Dual Active Half Bridge Research Articles

Design and Optimization of High-Gain Bidirectional DC–DC Converter for Electric Vehicles

To better leverage and cope with the characteristics of low-voltage electric vehicle battery pack, this work optimizes the design of on-board bidirectional DC/DC converter. Based on the dual active half-bridge (DAHB) converter, combined with partial switch sharing, a high gain bidirectional DC/DC converter is proposed. This converter has 48-V and 24-V output voltage levels, and the multiple voltage levels, which are often required by new energy vehicles, are able to reduce the number of on-board converters. The theoretical part of this work analyzes the design process of the converter, and in parallel, establishes the mathematical models of transmission power, soft switching, current stress and reactive backflow loss. Under the condition of high gain, the system has good soft switching characteristics and low reactive backflow loss. In the experimental part, a prototype with an input voltage of 400V is built under an operating frequency of 100 kHz. The voltage of the two output ports is stable and a peak efficiency of 94.7% is achieved. The experimental results verify the validity of the theoretical analysis.

A Low-Cost Battery-Balancing Auxiliary Power Module With Dual-Active Half Bridge Links and Coreless Transformers

Redistributive balancing brings many benefits to electric vehicles, such as increased range and more uniform cell degradation. Despite previous analyses suggesting a 17-36% extension of battery lifetime, the cost of such systems has prevented the technology from being adopted in practice. This study proposes a simplified topology for battery-balancing auxiliary power modules with reduced magnetic material to achieve cost-friendly solutions without sacrificing functionality or balancing modes. The proposed system consists of a dual-active half bridge, halving the number of switches needed compared with the conventional dual-active bridge.
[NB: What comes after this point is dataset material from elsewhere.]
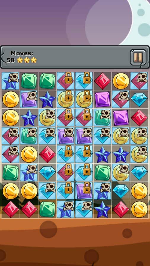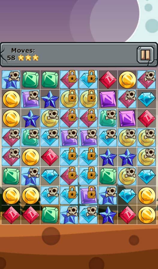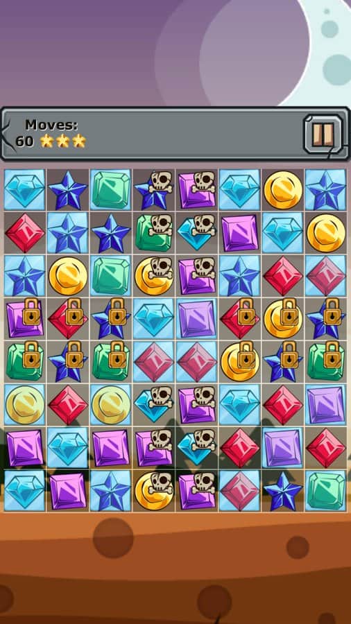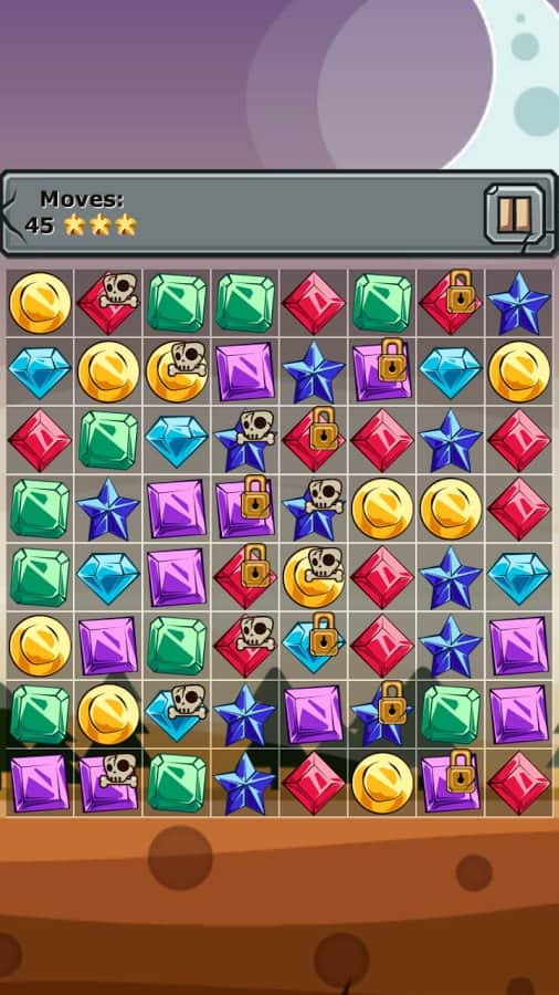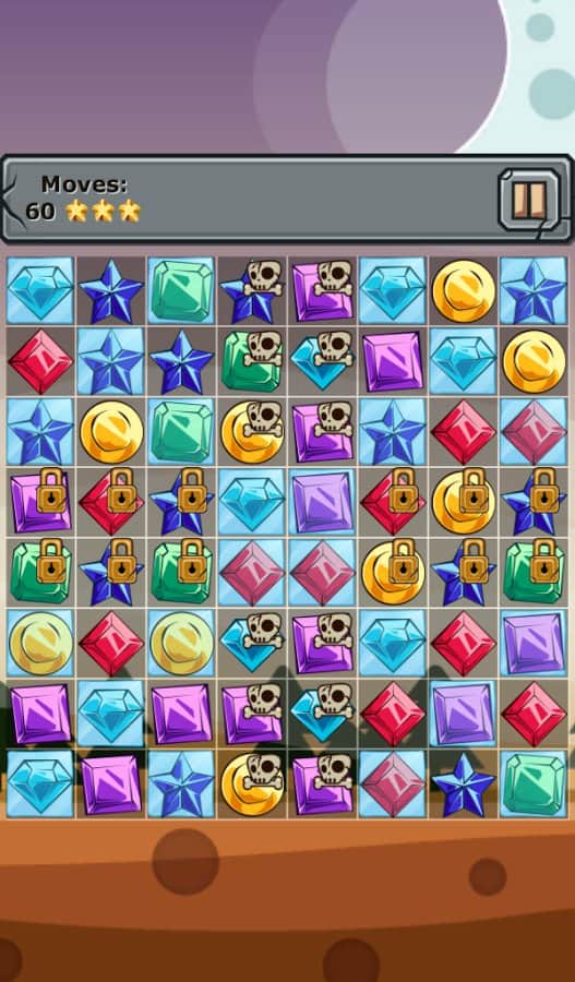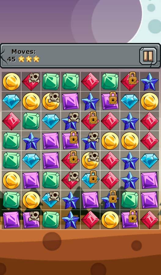 Jewels and Elements - игра из жанра три в ряд, в которой вас ждут более 250 уровней. Выстраивайте камни одного цвета в ряд и убирайте их с поля, а также разрушайте блоки со значками костей и замков которые дадут вам дополнительные бонусы. Создавайте камни стихий для этого составляйте камни буквой Т или L и убирайте с поля замороженные ячейки которые подвластны только им. Игра порадует вас яркой графикой и легким геймплеем.

In addition, the transformer core material is removed and a coreless transformer is used to provide isolation and energy transfer. Both changes reduce the cost of redistributive balancing. The topological modeling differs from cored transformer circuits as the coupling of the coreless transformer is weaker. The coupling coefficient is now used in an updated model that includes transformer currents and output powers. These, along with the balancing modes, are analyzed then experimentally verified. The proposed models can guide the selection of MOSFETs and the design of the coreless transformer. An analytic projection shows up to a 22% cost reduction compared with similar topologies.

A Closed-Loop High-Frequency Current Shaping Method to Achieve Trapezoidal Transformer Current in a Current-Fed Dual Active Half-Bridge Converter for Minimum RMS Current and Wide-Range ZVS

This article proposes the use of primary and secondary side duty ratio control along with the phase shift control in a current-fed dual active half-bridge (DAHB) converter to achieve trapezoidal transformer current, which results in zero voltage switching (ZVS) of all the switches and minimum rms current even at light loads, for a wide range of input voltage. The high-frequency transformer current is directly sensed at specific transition instants by a delay-adjusted sampling strategy to be used as control variables in a current control structure. This is better because the voltage control of capacitor voltages would have required more expensive sensors. A simple and accurate small-signal model of the converter is developed, and the relevant transfer functions are derived. The controller design details are provided. Finally, experimental results on a 1-kW laboratory prototype demonstrate the effectiveness of the closed-loop duty ratio control in achieving trapezoidal transformer current resulting in improved efficiency and ZVS of the switches, compared to a simple phase shift control.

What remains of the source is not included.